Valaro sonrió brevemente.
—Es un chico fuerte, pero no tan duro como quiere aparentar.
—Ve con tu familia.

El aire caliente salió del interior cargado de un olor a cerveza tibia y venado asado. Valaro se
apartó para dejar salir a un par de borrachos. En el centro de la amplia estancia que era la única taberna
ardían intensamente un buen puñado de brasas, contenidas por un círculo de piedras. Una enorme
pieza de venado, al que de vez en cuando un muchacho rociaba con una generosa jarra de vino y
especias que hacían sisear el fuego, giraba atrapada en una afilada vara de metal.
Delur vio a su comandante entrar con aire distraído y le hizo una seña para que se acercara a
su mesa.
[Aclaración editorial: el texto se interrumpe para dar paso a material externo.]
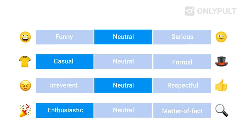 Let us begin with an important point: a tone should not be chosen only by personal preference. You might like the way a company communicates and want to imitate their style, but this would only increase the recognition of another brand and make you look like a copycat. Such a decision should be worked out in a step-by-step manner. And it takes more than knowing the audience you seek to address. You must also have deep knowledge and understanding of your brand core.
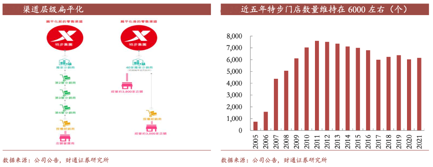 經(jīng)典案例:根據(jù)公司公告、財通證券研究所等綜合資訊表明,行業(yè)庫存危機過后特步公司進入內(nèi)部變革階段,2015年其提出將原有 5 級經(jīng)銷商體系進行扁平化,2017年扁平化改革完成,其中約60%的店鋪由公司的獨家總代理商直接經(jīng)營。
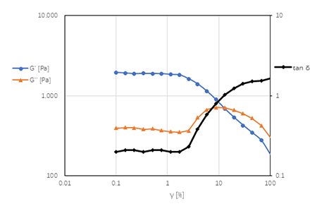 如果材料具有屈服点,则屈服点以下发生较小的应变时,储能模量(弹性行为)占主导作用,并且在一定的应变范围内,两种模量均保持在一个恒定的水平,与应变的变化无关。该区间发生的形变为弹性形变,被称为线性粘弹区间。随着应变的不断增加,两种模量不再保持恒定,此时即为线性粘弹区间的终点,也是屈服点。随后,样品的内部结构开始发生不可逆的破坏。如果G' 和G''这两条曲线有交叉点,则可以读取此时的应力值,作为样品的流动点。
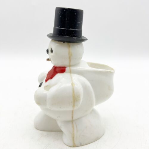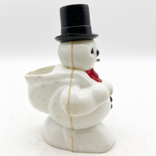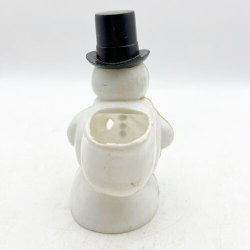 Vintage 4 3/4" Rosbro Hard Plastic Christmas SNOWMAN Candy Container
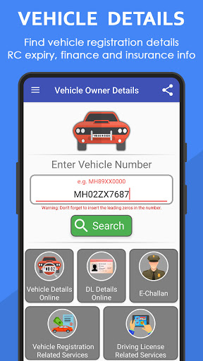 Now, you can easily know about vehicle registration details of any vehicle registered in India using this app.
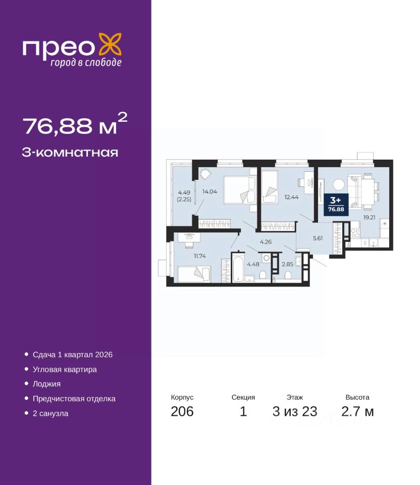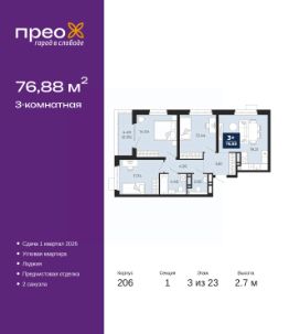 3-комн. квартира от застройщика с предчистовой отделкой в ЖК "Прео" на 3 этаже. Общая площадь: 76.88 кв.м., жилая: 38.22 кв.м., площадь просторной кухни-столовой: 19.21 кв.м. Угловая квартира, идеально подойдет любителям тишины и панорамных видов. В квартире одна лоджия, один совмещенный и один раздельный санузел. Высота потолков 2.7 м.

Las cuerdas de un laud empezaron a sonar y de algún rincón mal iluminado apareció una
joven de larga cabellera castaña y ojos verdes, vestida con ropajes de terciopelo verde claro y brillante.
Tanara empezó a cantar. Algunos golpearon suavemente las jarras contra las mesas e hicieron los
estribillos. Cerca del final de la canción la puerta de la taberna se abrió de nuevo y un hombre con un
pesado abrigo cuyo interior tintineaba con sonidos metálicos se coló dentro. Sonrió mostrando una
gran falta de dientes.
—¿Aún tienes a esta chica por aquí? —gruñó mirando al tabernero.
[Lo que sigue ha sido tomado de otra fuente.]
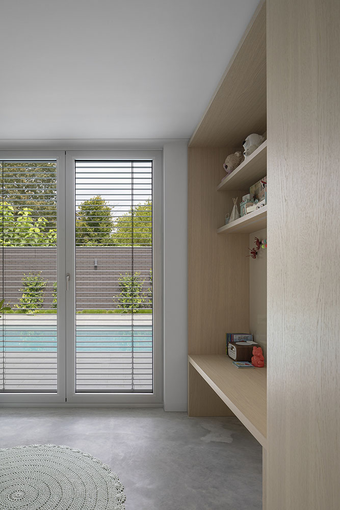 Με πουριστική σχεδιαστική προσέγγιση και λιτά υλικά, οι Bedaux de Brouwer και οι i29 σχεδίασαν μια βίλα που έχει πολυτελή ποιότητα, χωρίς να είναι επιβλητική. Η μεγαλύτερη ποιότητα αυτού του σπιτιού είναι η αρμονική ενσωμάτωση του μέσα και του έξω μέχρι την παραμικρή λεπτομέρεια. Μεγάλες ξύλινες επιφάνειες εφαρμόζονται σε όλο το σπίτι για τη σύνδεση των διαφόρων περιοχών. Ντουλάπια, ντουλάπες, τοίχοι, συρόμενες πόρτες, κρεβάτια είναι κατασκευασμένα από το ίδιο ξύλο και φινίρισμα για ενότητα και σύνδεση.

—Yo también me alegro de verte Tebor —replicó la joven sonriendo también sin dejar de tocar —. No
olvides que me debes un cuento.
—¡Y a mí una cerveza, Viejo! —bramó Delur alzando su jarra.
Casi todos rompieron en carcajadas.
El Viejo Tebor no tardó en sentarse junto a los soldados.
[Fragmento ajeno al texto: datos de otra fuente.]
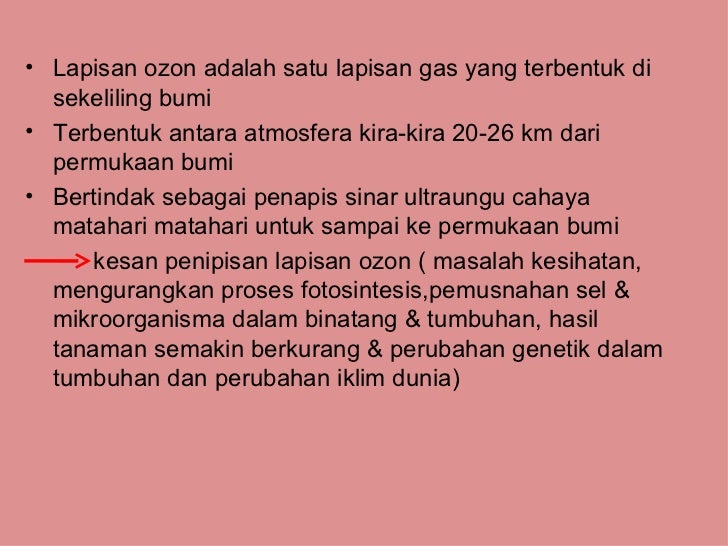 Kesan penipisan lapisan ozon terhadap alam sekitar manusia. Lapisan ozon adalah satu lapisan gas yang terbentuk di sekeliling bumi terbentuk antara atmosfera kira kira 20 26 km dari permukaan bumi bertindak sebagai penapis sinar ultraungu cahaya matahari matahari untuk sampai ke permukaan bumi kesan penipisan lapisan ozon masalah kesihatan mengurangkan proses fotosintesis pemusnahan sel mikroorganisma dalam binatang tumbuhan hasil. Pendidikan alam sekitar 2 pendidikan jasmani dan kesihatan 24 pendidikan sivik 5 pengajian sosial 25. Faktor atau punca punca pencemaran udara. Semakin banyak ozon dalam udara semakin tinggi haba disimpan.

—¿Qué nos traes del Sur? —preguntó Valaro.
—Cientos de cosas. Brillantes. Pulseras. Plata. Oro.
Entreabrió sus ropajes para dejar ver colgados del interior de los mismos varias decenas de
objetos de dudoso valor.
—¿Qué es eso? —Señaló el comandante.
—¿Esto? —El Viejo cogió una pulserita de entre varias.
—No. Eso —. Acercó más el dedo a las baratijas.
—¡Oh! Esto. Algo excepcional.
—Todo es siempre excepcional contigo —balbuceó Delur.
Tebor no hizo mucho caso y tomó el colgante de hilo de plata del que pendía una diminuta
esfera de color blanquecino y que parecía refulgir con luz interior.
—Una perla de luz —dijo, bajando la voz.
—¿Una perla de luz? —El anciano asintió —Nunca he oído hablar de perlas de luz, ¿y tú, Delur?
—No. Nunca.
—Por supuesto que no. ¡Es la única que existe! —Alzó la voz.
—¿Cuánto quieres por ella? —Valaro tomó aire —. Sería un bonito regalo para mi hija.
—Ummm —miró al techo —siendo para la preciada hija del comandante de las tropas de Puerta Norte
será un precio especial. Diez partes. De oro.
—¿De oro? Dudo que valga más de cinco.
—Yo no pagaría por nada que venda este estafador ni una parte de oro. Aún me debes esa cerveza.
—Entonces, ¿una parte de oro? —Dijo Valaro haciendo eco de las palabras de su subordinado.
—Eso sería regalarlo. No sería justo con mis otros clientes. ¿Tres partes de oro?
—Hecho —le tendió la mano al hombre —y que le pagues la cerveza que le debes a Delur. No quiero
estar otro año completo escuchándolo.
—Trato —. El anciano estrechó la mano que le tendía Valaro.